Start of Records to process

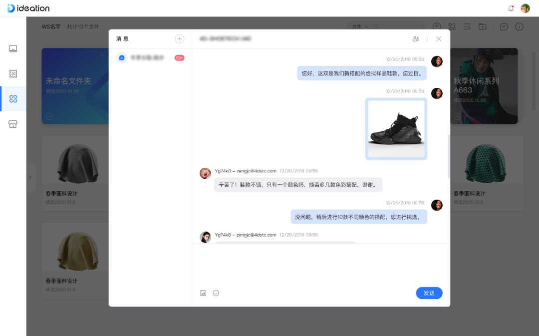 在ideation平台,鞋箱包产业链上各节点人员可以在线批注、留言、修改、讨论等。通过添加成员,他们还可以在线讨论产品款式设计,在3D模型上进行标注,并留下修改意见。
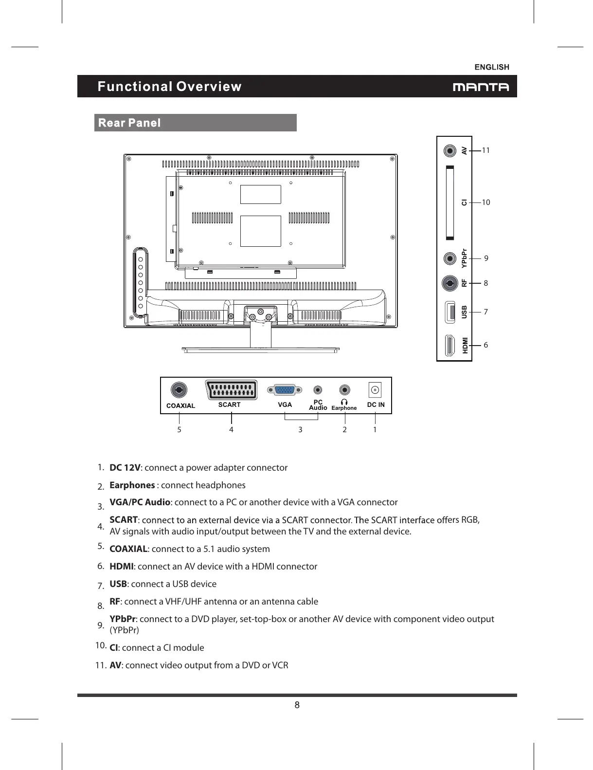 RF: connect aVHF/UHF antenna or an antenna cable
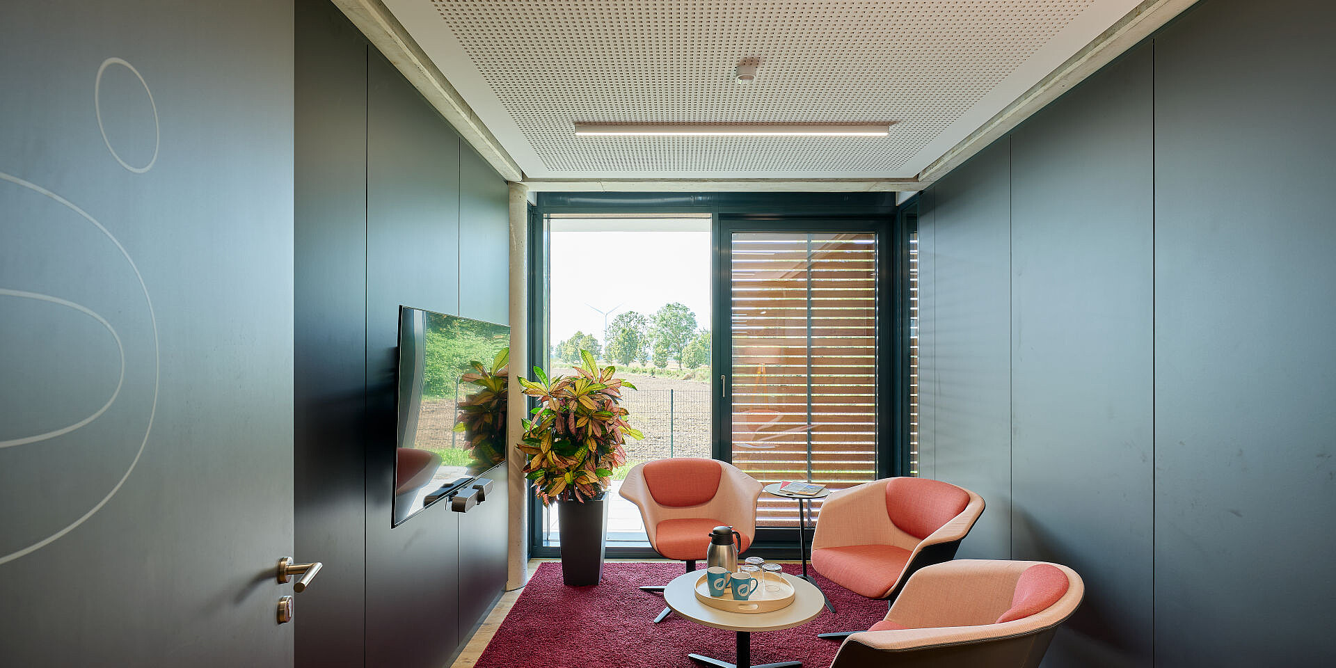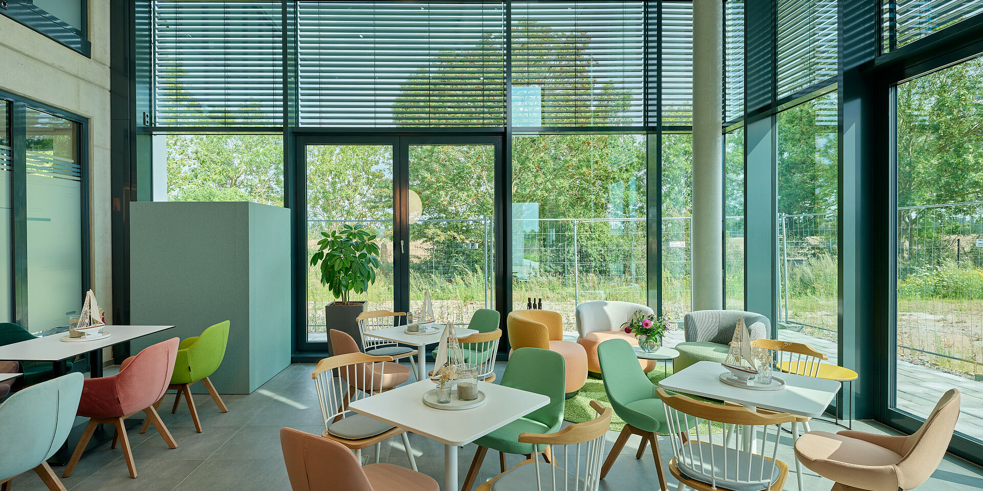Furthermore the theme of sustainability needed to be reflected in the concept and colour scheme. In IZ 1, this was achieved through the use of concrete and wood elements and complemented by bold colour accents. In IZ 2, the palette is dominated by warm, muted and light colours.
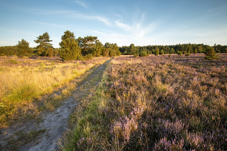 Die Rehrhofer Heide ist von Wäldern umgeben und hat eine leicht gewölbte Form. Gerade im Sommer kann man hier sehr lange die Sonne genießen und zum Sonnenuntergang noch eine schöne Wanderung durch das Heidekraut unternehmen.
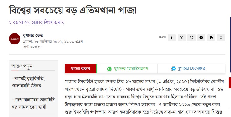 ২ বছরে ৫৭ হাজার শিশু অনাথ [প্রকাশ: যুগান্তর, ২৩ অক্টোবর ২০২৫]
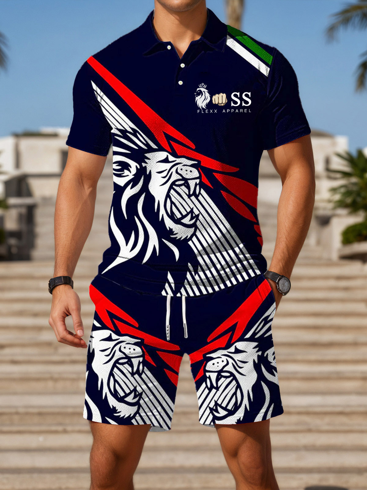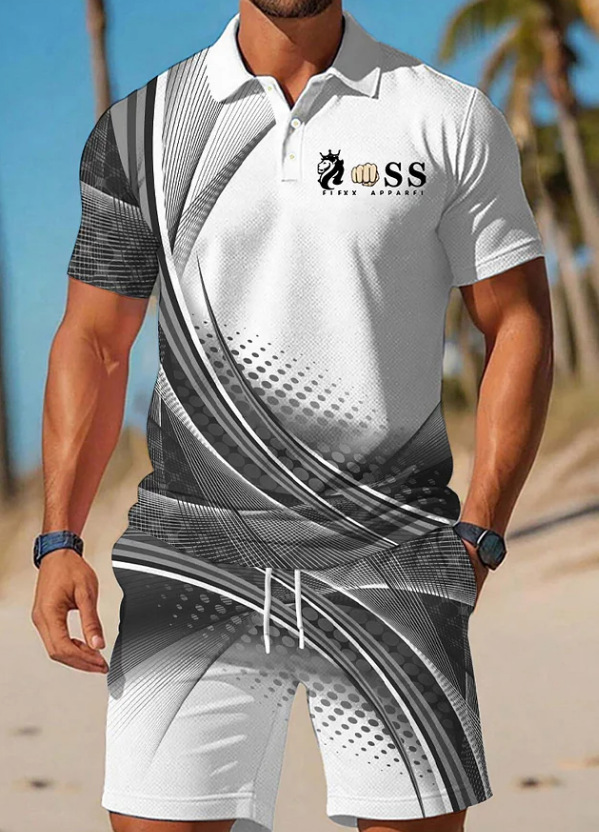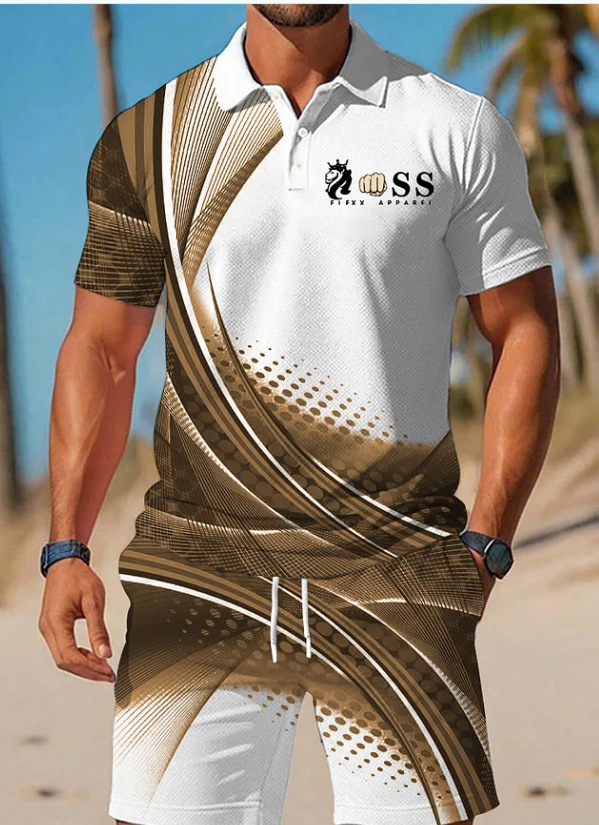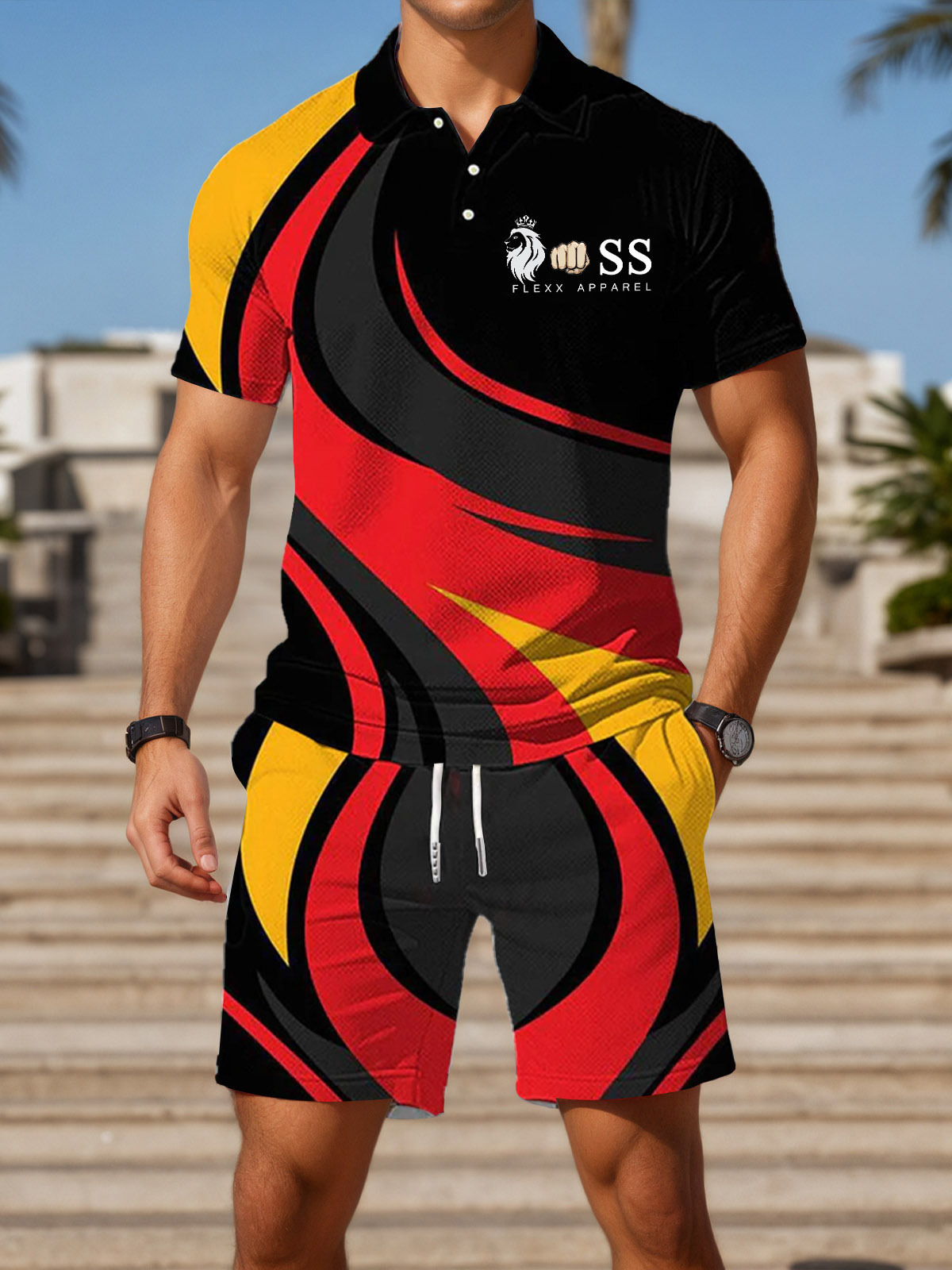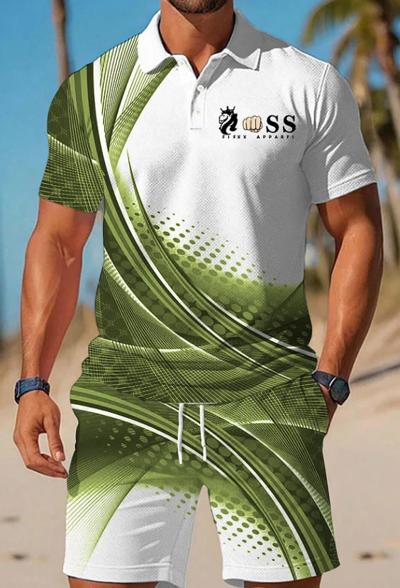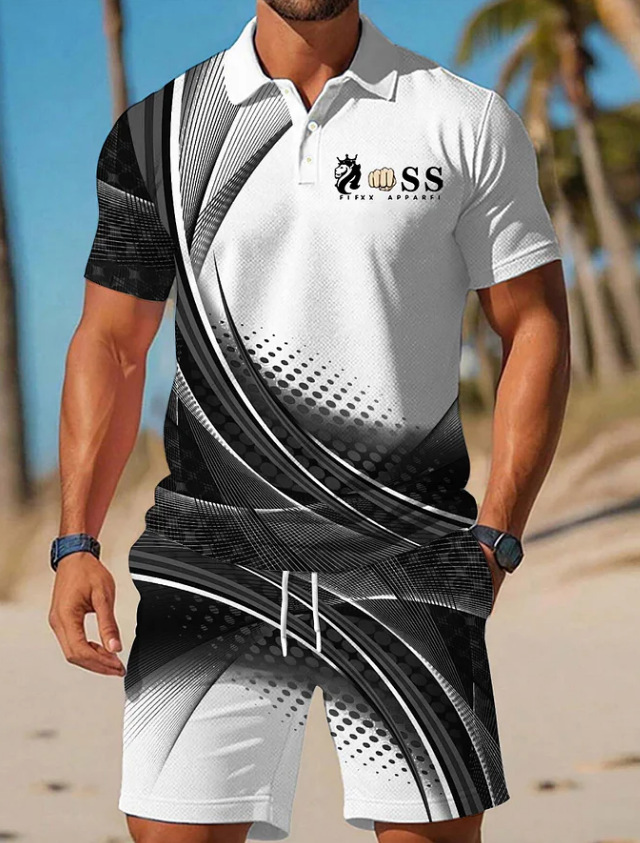 Самый продаваемый в Amazon европейский и американский трансграничный модный новый цветной мужской костюм-поло с короткими рукавами и 3D-цифровой печатью
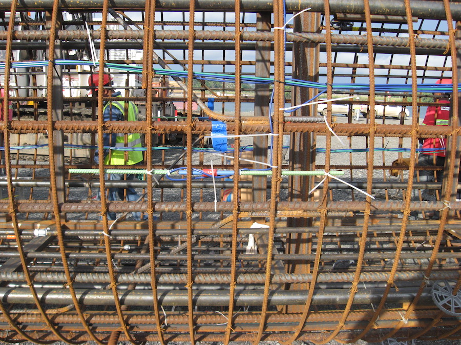 Instrumentation embedded in the pile captured data on the pile’s geotechnical response to the applied test loads. The instrumentation brackets the zones of interest in order to establish the capacity contribution each zone makes to the overall pile capacity during the test.
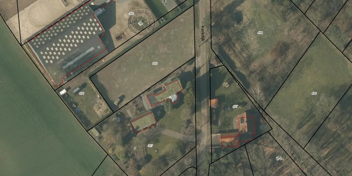 Het perceel waarop Kerkdijk 1 staat heeft een oppervlakte van 2493 m². Dit is een zeer groot perceel. De perceeloppervlakte wordt geregistreerd door het Kadaster. Gedetailleerde informatie over de maten van dit perceel kunt u vinden in het rapport Kadastrale kaart met maatvoering van Kerkdijk 1.

End of Records to process

- **Aim of the exercise**: Could you print all of the entries exactly, skipping the images?

- **Exercise result**:
 在ideation平台,鞋箱包产业链上各节点人员可以在线批注、留言、修改、讨论等。通过添加成员,他们还可以在线讨论产品款式设计,在3D模型上进行标注,并留下修改意见。
 RF: connect aVHF/UHF antenna or an antenna cable
Furthermore the theme of sustainability needed to be reflected in the concept and colour scheme. In IZ 1, this was achieved through the use of concrete and wood elements and complemented by bold colour accents. In IZ 2, the palette is dominated by warm, muted and light colours.
 Die Rehrhofer Heide ist von Wäldern umgeben und hat eine leicht gewölbte Form. Gerade im Sommer kann man hier sehr lange die Sonne genießen und zum Sonnenuntergang noch eine schöne Wanderung durch das Heidekraut unternehmen.
 ২ বছরে ৫৭ হাজার শিশু অনাথ [প্রকাশ: যুগান্তর, ২৩ অক্টোবর ২০২৫]
 Самый продаваемый в Amazon европейский и американский трансграничный модный новый цветной мужской костюм-поло с короткими рукавами и 3D-цифровой печатью
 Instrumentation embedded in the pile captured data on the pile’s geotechnical response to the applied test loads. The instrumentation brackets the zones of interest in order to establish the capacity contribution each zone makes to the overall pile capacity during the test.
 Het perceel waarop Kerkdijk 1 staat heeft een oppervlakte van 2493 m². Dit is een zeer groot perceel. De perceeloppervlakte wordt geregistreerd door het Kadaster. Gedetailleerde informatie over de maten van dit perceel kunt u vinden in het rapport Kadastrale kaart met maatvoering van Kerkdijk 1.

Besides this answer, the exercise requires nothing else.